Now, the idea that the barrier to entry is growing, because the code is becoming more difficult and complex, seems like a non-objection. What is the barrier to working on the MS Windows kernel? Now there's a barrier. Linux has no barriers of that kind. The barrier is only yourself. You have the code. You have the brain. Start hacking. Kernel hacking is not a dark art. Nor is it tic-tac-toe. It's not for everybody. But it is for anybody.

In any case, thanks for the comments, Dave. I think linux-kernel is a better place for future discussion of this issue though. Hopefully that post will get a reply. ;-)
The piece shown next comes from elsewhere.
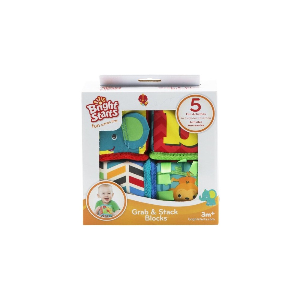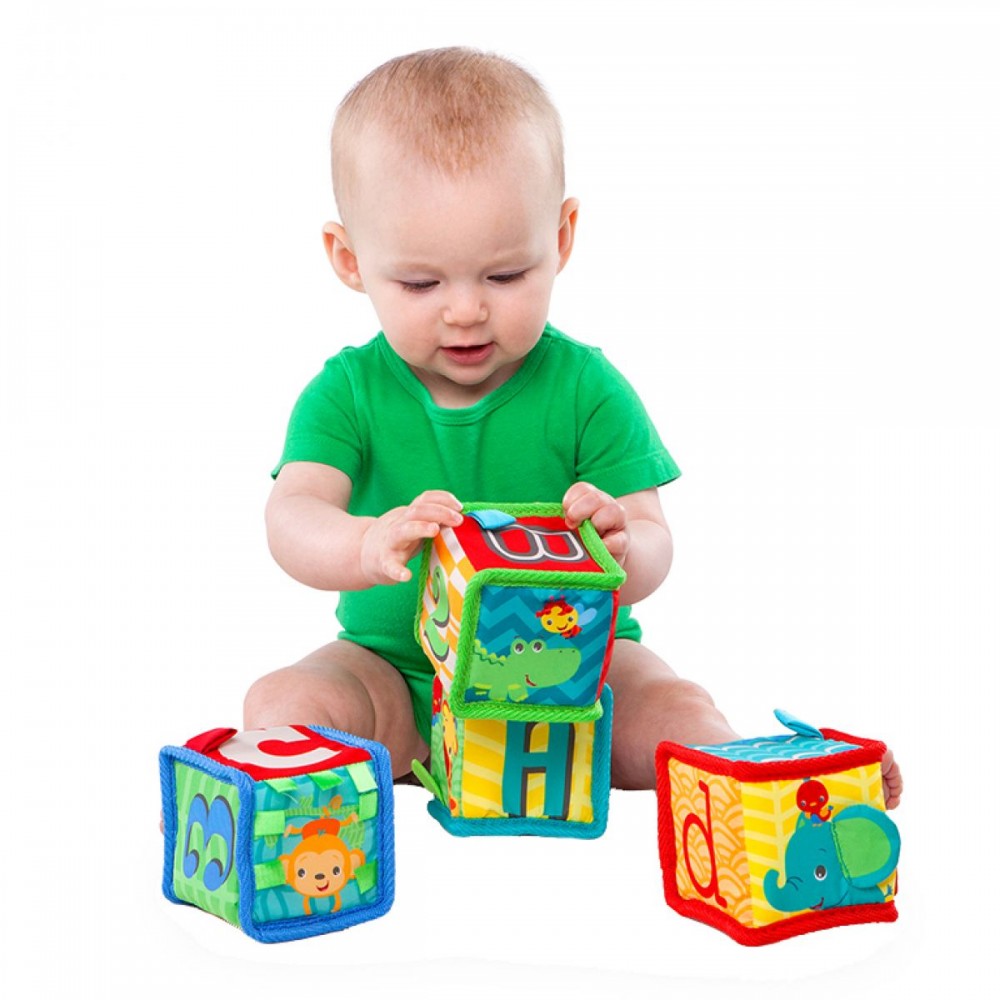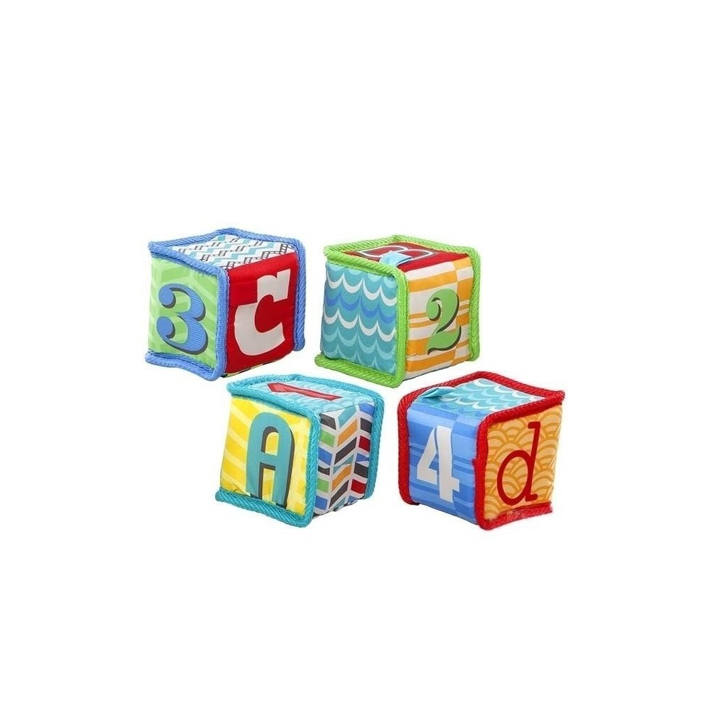 4 м'яких кубика Kids II Веселе навчання покриті тканиною різної текстури з шелестять шовковими стрічками і шнуром-кантиком. Торохтять і дзвенять, якщо потрясти. На кожному кубику зображена цифра, буква англійського алфавіту, кумедна звірятко і різнобарвний контрастний візерунок. Кожен кубик має петельку для кріплення на дугу ігрового центру або коляску.

Mailing List Stats For This Week

We looked at 983 posts in 4191K.

There were 317 different contributors. 150 posted more than once. 114 posted last week too.

The top posters of the week were:

1. Posix Threads (pthreads) In Linux

23 Aug 2000 - 1 Sep 2000 (208 posts) Archive Link: "SCO: "thread creation is about a thousand times faster than on native Linux""
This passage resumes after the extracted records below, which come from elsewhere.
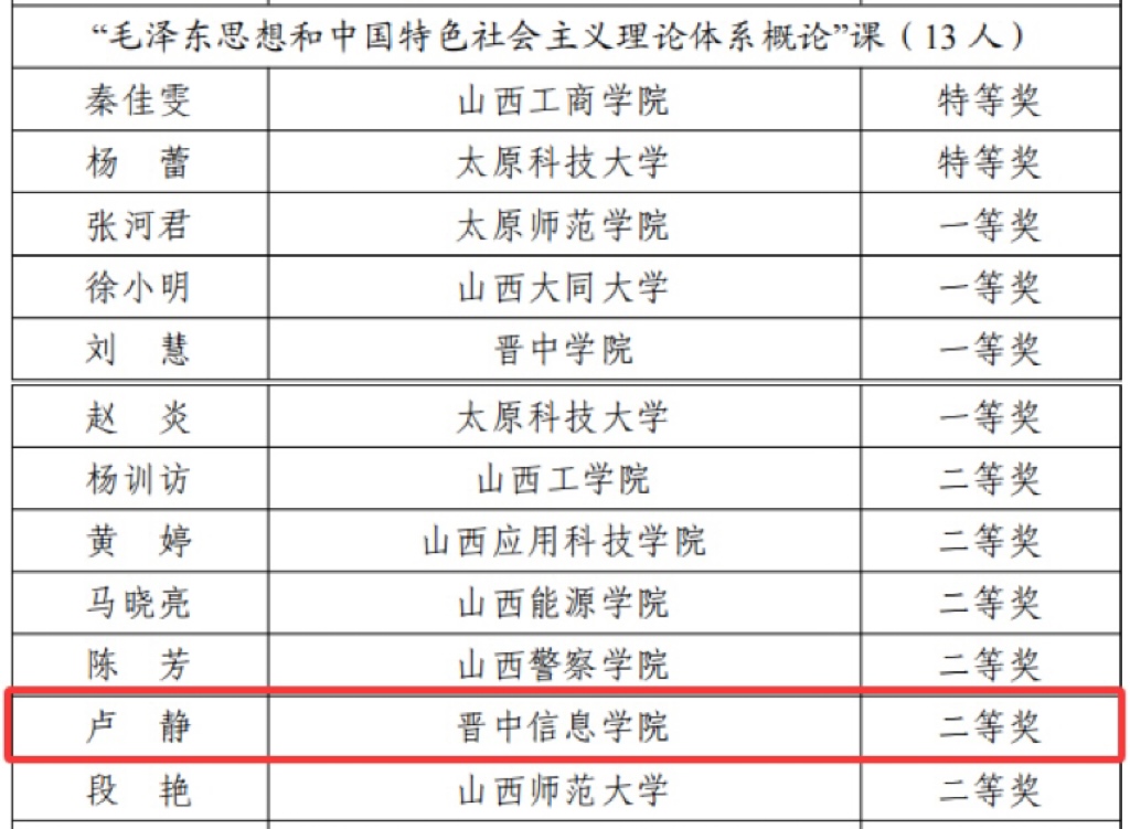 在山西省教育厅举办的第二届全省高校思想政治理论课教学展示活动中,我校2名思政课教师荣获全省特等奖,1名教师荣获全省二等奖。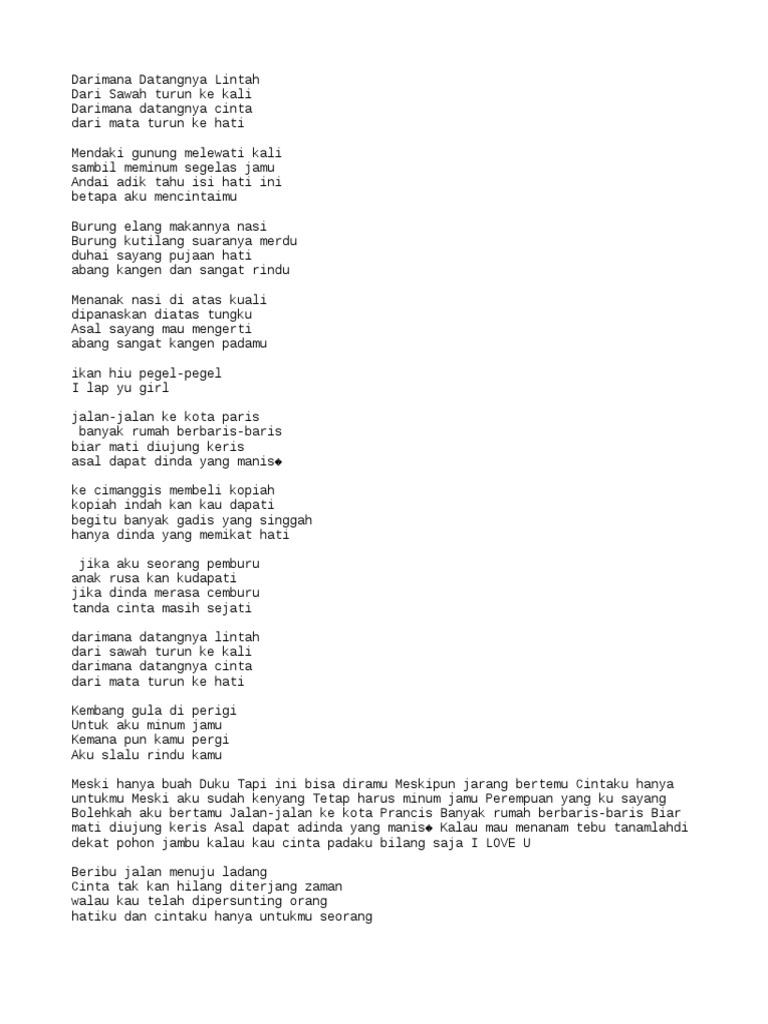 Dari mana datangnya cinta Dari mata turun ke hati. Untuk apa bermain kata Kalau berpuisi saja tidak bisa. Dari mana datangnya linta Dari sawah turun ke kali Dari mana datangnya cinta Dari mata turun ke hati.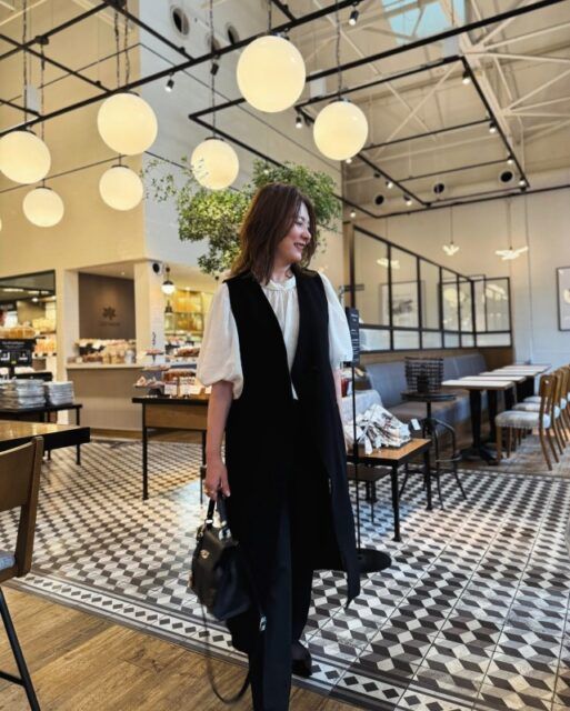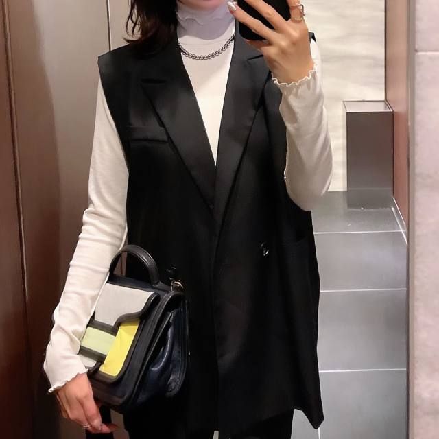 おしゃれさんから支持を集めている「黒ロングジレ」は卒業式にも使えます! オケージョンらしさを高めるため、クリーンな生地&デザインを選ぶのがコツ。体型カバーしながらスタイリッシュなコーデに決まります。

Topics: BSD, Big O Notation, Disk Arrays: LVM, Disks: SCSI, FS: ReiserFS, FS: XFS, Microkernels: Mach, POSIX, Real-Time, SMP

People: Ingo MolnarJeff V. MerkeyAndi KleenAlan CoxTigran AivazianLinus TorvaldsAlbert D. CahalanMarty FoutsDave McCrackenVictor YodaikenMark KettenisTheodore Y. Ts'oStephen C. TweedieKai HenningsenDavid WraggDavid HowellsAlexander ViroJamie LokierMitchell Blank JrHorst von BrandJesse PollardPavel MachekUlrich DrepperMarco Colombo

The Claim And The Way It Is

Joerg Pommnitz gave a link to an article in The Register that claimed thread creation under SCO was about a thousand times faster than under native Linux. Very little of the discussion that followed directly addressed the article, but Ingo Molnar closed the vice immediately with some numbers:

Linux creates a 'native Linux thread' via clone() in about 10 microseconds. So SCO creates a thread in 10 nanoseconds - ie. faster than a cacheline load on most CPUs - wow!

glibc creates a pthread in about 300 microseconds, thats certainly slow. (but then again, still faster than NT's thread creation latency.) I doubt SCO creates a pthread in 0.3 microseconds.
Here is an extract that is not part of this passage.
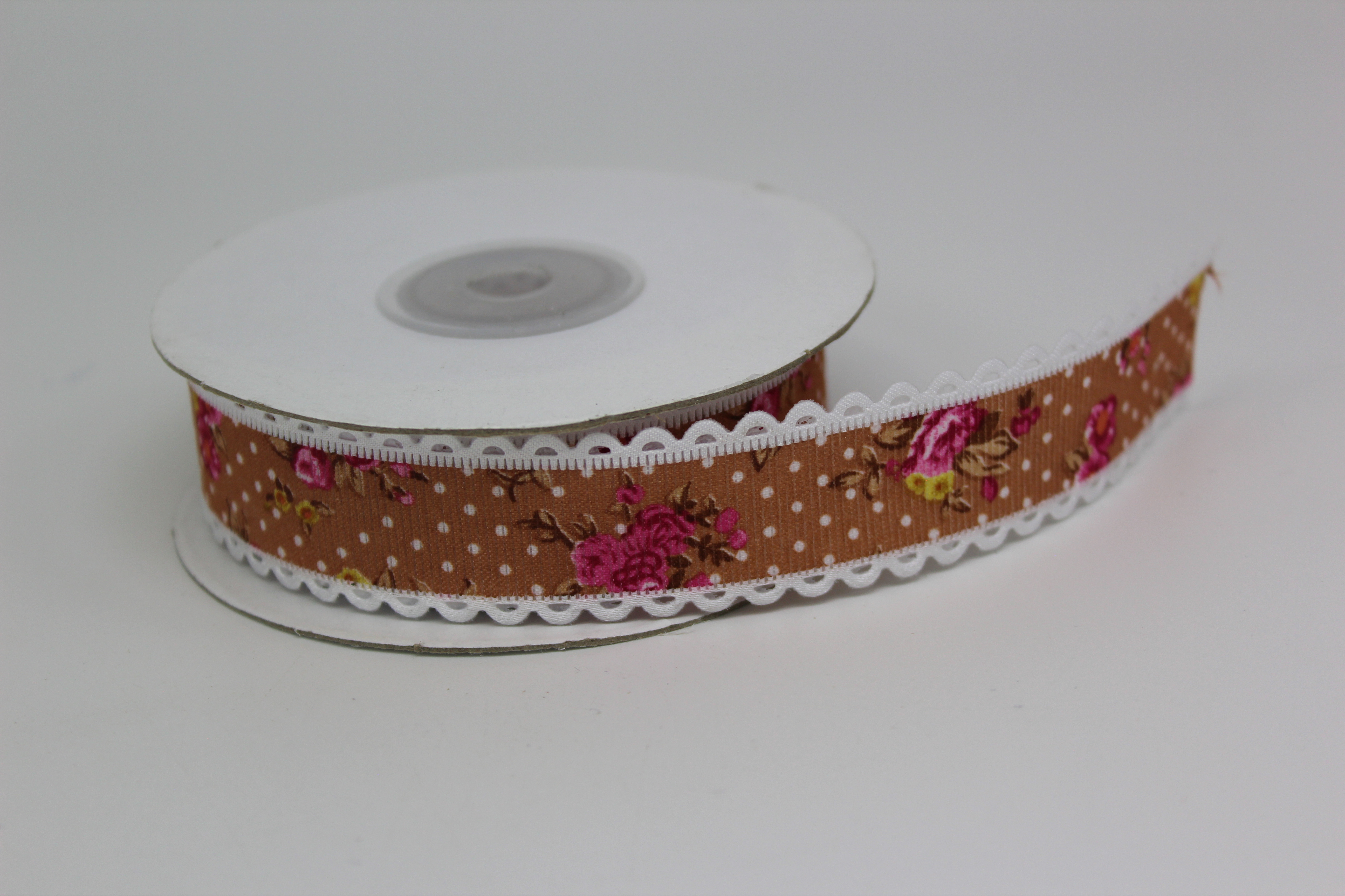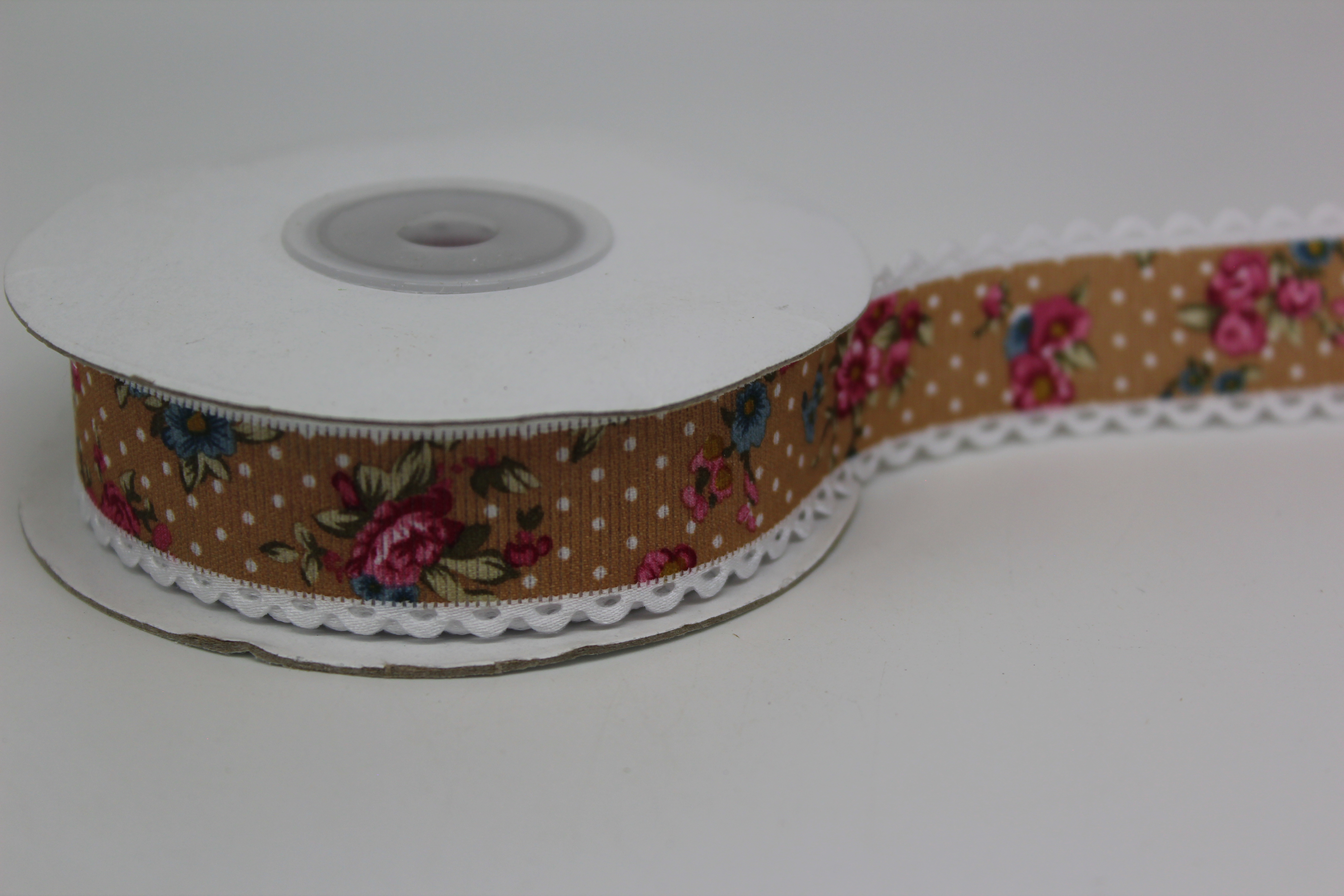 Лента тканевая с кружевной окантовкой 2,5 см 15 ярд "Цветочек" коричневый

Jeff V. Merkey also addressed the article, saying, "This whole SCO thing is overrated. I worked on the Unixware code base at Novell, and it's putrid in comparison to Linux. It's got a lot of good apps, but so does Linux. This kind of tripe propaganda is what the "cult" followers of Unixware are good at. They lost @ $ 38,000,000 dollars each year at Novell ramming UnixWare down our throats and pissing of our customers -- Novell finally cut rheir losses and sold it. Don't get me wrong, it's decent Unix stuff, but Linux is tons better as a general purpose PC Unix."

Tigran Aivazian wondered aloud whether any commercial UNIX had anything at all that Linux could benefit from. Offhand, he couldn't think of anything, though he'd been a UnixWare7 escalations engineer for 2 years. Andi Kleen replied, "How about really working SCSI error handling ? @)." And Tigran corrected himself as well - he could think of something from UnixWare7 that Linux could use: the VERITAS vxfs journalling filesystem. But Alan Cox replied, "When it becomes open source maybe. Until then I think XFS, Reiserfs etc over LVM and software raid look way more appealing."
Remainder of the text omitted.